# fiance visas for the uae??



## dugzy1980 (Dec 2, 2009)

ive been offered a position in the uae and plan to take my partner with me,at present we are engaged but arent too sure on where we stand with regard to her coming too,do we need to get married first to ensure she gets in or is there a probationary period in which you must get married as in other countries???
any advice would be great as i am in 2 minds as to weither to accept the job or not...


----------



## Maz25 (Jul 6, 2008)

No such thing as a fiancee visa here. She can come in on her own on a tourist/ visit visa but if you want to sponsor her, then you need to be legally married.


----------



## dugzy1980 (Dec 2, 2009)

thank you for your reply maz,is it possible to do the holiday/tourist visa and get married before it runs out,after which we would address the sponsorship??
my biggest concerns for her are work-she has no formal college education and as we would be based outside dubai (al ain) would she have difficulties in getting work?


----------



## Maz25 (Jul 6, 2008)

Yes, she can come in on a tourist visa and you can get married afterwards. It may be easier to get married back home though as the process would most likely be a lot clearer than it is in the UAE. In order to sponsor her, you would need to attest your marriage certificate as well. If it was up to me, I would get the marriage sorted before coming over as the paperwork can drag on here, which would mean that she would have to do a visa run (if her visa were to run out before you could get the application process started) - not particularly fun!

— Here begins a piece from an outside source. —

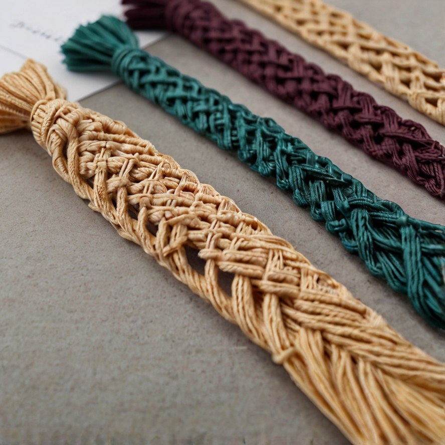Delicate macramé bookmarks combine simplicity and functionality. Knots create subtle patterns, while a tassel adds a decorative flourish.

As your wife, she can work. On a visit visa, she cannot. Whilst a lot of employers prefer to employ degree holders, it does not mean that every job requires a degree. Al Ain is admittedly smaller and a lot quieter so there would be fewer jobs available in contrast to Dubai or Abu Dhabi. That said, I'm sure that if she is determined to work, then she will find something. She could even commute to Abu Dhabi if she feels up to this, where there are a lot more jobs.
If she knows what kind of job she would like to do, there is no harm is starting her research before you both move out here.

Good luck.


----------